** Records to process **
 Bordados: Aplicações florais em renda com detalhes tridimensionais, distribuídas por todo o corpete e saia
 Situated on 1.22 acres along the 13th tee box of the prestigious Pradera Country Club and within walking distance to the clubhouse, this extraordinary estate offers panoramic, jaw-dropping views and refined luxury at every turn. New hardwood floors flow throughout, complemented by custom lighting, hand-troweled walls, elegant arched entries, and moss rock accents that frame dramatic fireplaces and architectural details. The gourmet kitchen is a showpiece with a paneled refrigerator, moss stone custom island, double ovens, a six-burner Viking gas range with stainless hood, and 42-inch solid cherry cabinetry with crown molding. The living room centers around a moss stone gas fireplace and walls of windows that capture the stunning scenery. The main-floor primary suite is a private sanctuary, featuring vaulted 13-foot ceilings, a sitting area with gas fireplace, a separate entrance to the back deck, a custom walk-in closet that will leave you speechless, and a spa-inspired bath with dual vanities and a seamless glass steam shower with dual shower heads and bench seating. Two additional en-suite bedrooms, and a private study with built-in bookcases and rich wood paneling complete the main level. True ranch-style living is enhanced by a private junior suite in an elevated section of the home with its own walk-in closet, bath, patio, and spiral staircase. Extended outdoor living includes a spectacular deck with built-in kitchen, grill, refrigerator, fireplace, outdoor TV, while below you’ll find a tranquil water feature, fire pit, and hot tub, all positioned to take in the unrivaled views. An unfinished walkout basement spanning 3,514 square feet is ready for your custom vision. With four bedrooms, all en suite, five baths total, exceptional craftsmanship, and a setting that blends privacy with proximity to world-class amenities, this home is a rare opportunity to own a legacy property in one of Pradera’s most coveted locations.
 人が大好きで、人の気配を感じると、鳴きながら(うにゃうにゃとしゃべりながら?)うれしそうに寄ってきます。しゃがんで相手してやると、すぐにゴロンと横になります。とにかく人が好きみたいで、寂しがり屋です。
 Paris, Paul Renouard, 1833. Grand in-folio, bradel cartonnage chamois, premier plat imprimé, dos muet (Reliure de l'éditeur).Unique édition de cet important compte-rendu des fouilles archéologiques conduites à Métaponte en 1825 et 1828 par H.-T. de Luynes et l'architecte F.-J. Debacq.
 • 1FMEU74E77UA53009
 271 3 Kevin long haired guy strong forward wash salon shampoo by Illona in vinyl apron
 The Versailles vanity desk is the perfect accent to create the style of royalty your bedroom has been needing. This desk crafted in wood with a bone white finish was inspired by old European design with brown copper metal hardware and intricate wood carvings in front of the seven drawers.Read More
---
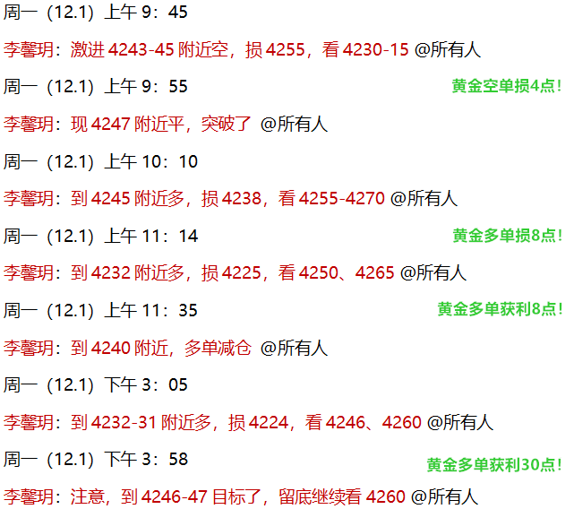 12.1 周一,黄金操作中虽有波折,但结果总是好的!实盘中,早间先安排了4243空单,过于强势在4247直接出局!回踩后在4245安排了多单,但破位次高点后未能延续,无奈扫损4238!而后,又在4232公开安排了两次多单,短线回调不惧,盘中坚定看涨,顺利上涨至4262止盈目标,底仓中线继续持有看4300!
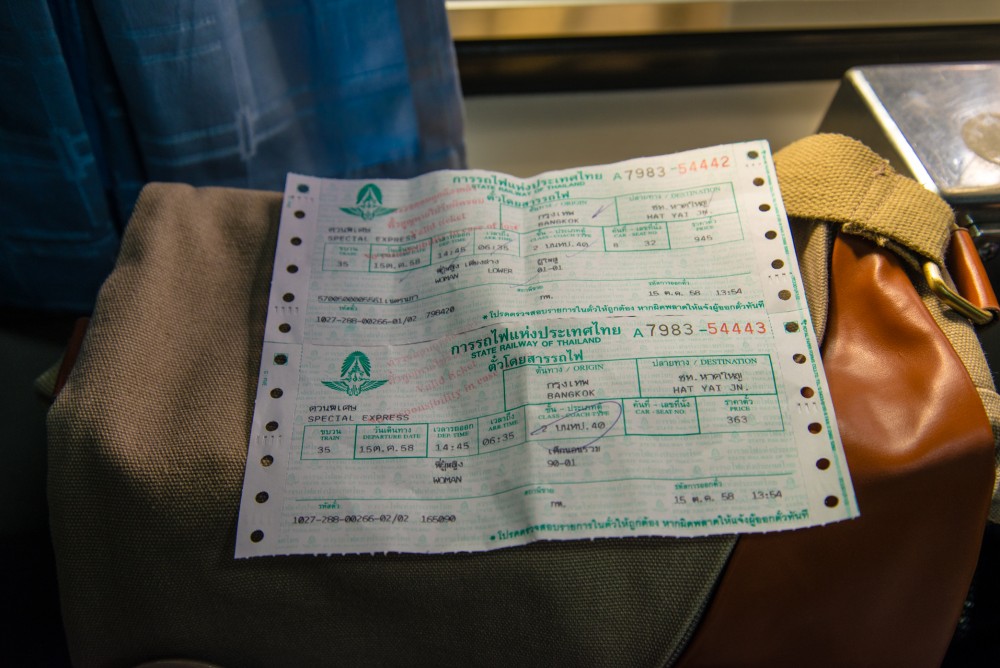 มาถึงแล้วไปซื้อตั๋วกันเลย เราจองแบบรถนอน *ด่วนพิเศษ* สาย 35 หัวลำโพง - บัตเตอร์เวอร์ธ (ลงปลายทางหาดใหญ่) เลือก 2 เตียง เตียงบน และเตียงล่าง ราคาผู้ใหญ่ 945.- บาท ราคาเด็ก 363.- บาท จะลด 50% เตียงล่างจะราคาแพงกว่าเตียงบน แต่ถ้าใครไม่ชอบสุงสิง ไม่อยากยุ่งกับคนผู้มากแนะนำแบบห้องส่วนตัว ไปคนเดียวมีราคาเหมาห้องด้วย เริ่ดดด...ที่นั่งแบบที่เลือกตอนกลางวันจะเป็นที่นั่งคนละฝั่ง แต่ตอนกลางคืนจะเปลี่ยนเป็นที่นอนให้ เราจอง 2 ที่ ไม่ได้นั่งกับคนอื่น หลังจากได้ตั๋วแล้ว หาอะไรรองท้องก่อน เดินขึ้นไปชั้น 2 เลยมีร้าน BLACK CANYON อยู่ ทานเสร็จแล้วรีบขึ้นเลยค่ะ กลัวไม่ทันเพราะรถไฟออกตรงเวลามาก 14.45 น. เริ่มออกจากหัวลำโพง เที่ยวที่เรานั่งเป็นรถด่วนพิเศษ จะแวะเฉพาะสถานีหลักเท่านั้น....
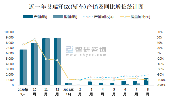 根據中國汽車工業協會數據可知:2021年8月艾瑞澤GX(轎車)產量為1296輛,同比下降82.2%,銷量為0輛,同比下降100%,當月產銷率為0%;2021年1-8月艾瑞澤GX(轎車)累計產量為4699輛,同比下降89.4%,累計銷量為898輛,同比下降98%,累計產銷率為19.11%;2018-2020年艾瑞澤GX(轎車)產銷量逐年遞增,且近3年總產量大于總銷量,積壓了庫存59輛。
---
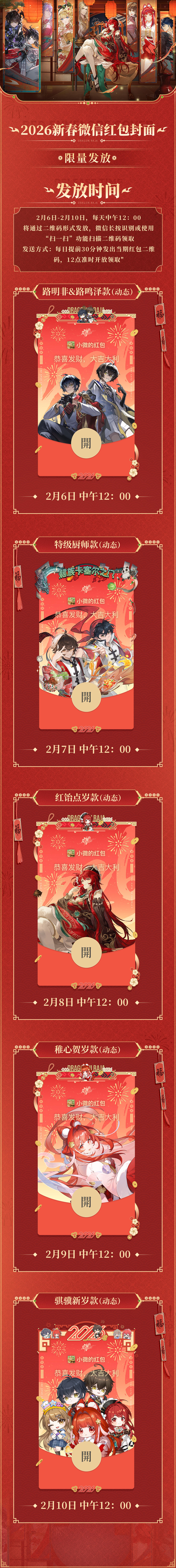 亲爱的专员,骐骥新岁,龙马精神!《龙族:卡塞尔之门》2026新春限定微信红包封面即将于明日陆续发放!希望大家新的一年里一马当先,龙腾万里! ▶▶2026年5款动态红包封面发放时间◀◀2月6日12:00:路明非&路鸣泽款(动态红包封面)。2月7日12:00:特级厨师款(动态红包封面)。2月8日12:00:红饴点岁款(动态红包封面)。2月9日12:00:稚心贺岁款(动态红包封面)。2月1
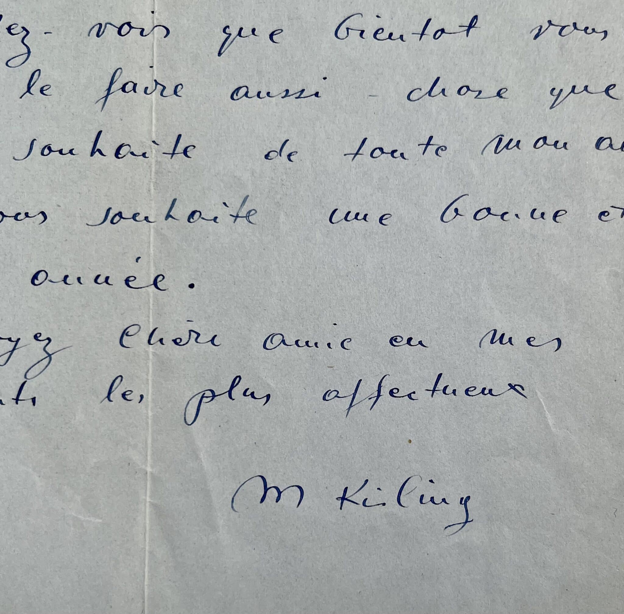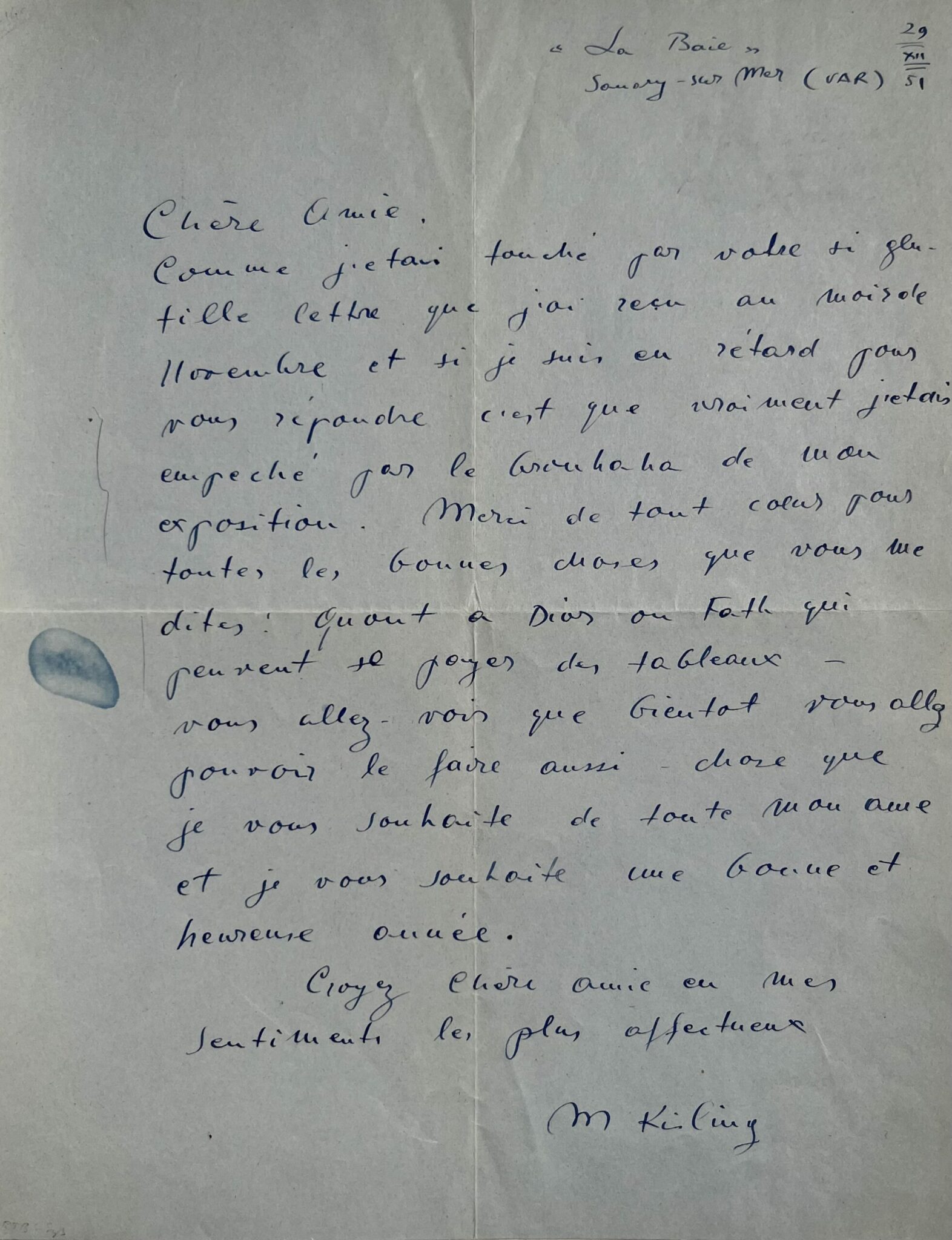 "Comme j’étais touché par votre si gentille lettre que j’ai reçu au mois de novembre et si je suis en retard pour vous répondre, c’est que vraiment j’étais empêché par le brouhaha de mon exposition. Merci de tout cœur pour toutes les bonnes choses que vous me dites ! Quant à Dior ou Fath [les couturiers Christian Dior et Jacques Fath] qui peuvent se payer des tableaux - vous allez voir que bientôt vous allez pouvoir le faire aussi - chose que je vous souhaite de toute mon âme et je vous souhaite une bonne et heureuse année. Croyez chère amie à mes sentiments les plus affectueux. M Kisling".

** Requirement **
Scan the records above for the lines holding "人が大好きで、人の気配を感じ" and "271 3 Kevin". Transcribe those two and every line between them word for word, and no others.

** Problem solution **
 人が大好きで、人の気配を感じると、鳴きながら(うにゃうにゃとしゃべりながら?)うれしそうに寄ってきます。しゃがんで相手してやると、すぐにゴロンと横になります。とにかく人が好きみたいで、寂しがり屋です。
 Paris, Paul Renouard, 1833. Grand in-folio, bradel cartonnage chamois, premier plat imprimé, dos muet (Reliure de l'éditeur).Unique édition de cet important compte-rendu des fouilles archéologiques conduites à Métaponte en 1825 et 1828 par H.-T. de Luynes et l'architecte F.-J. Debacq.
 • 1FMEU74E77UA53009
 271 3 Kevin long haired guy strong forward wash salon shampoo by Illona in vinyl apron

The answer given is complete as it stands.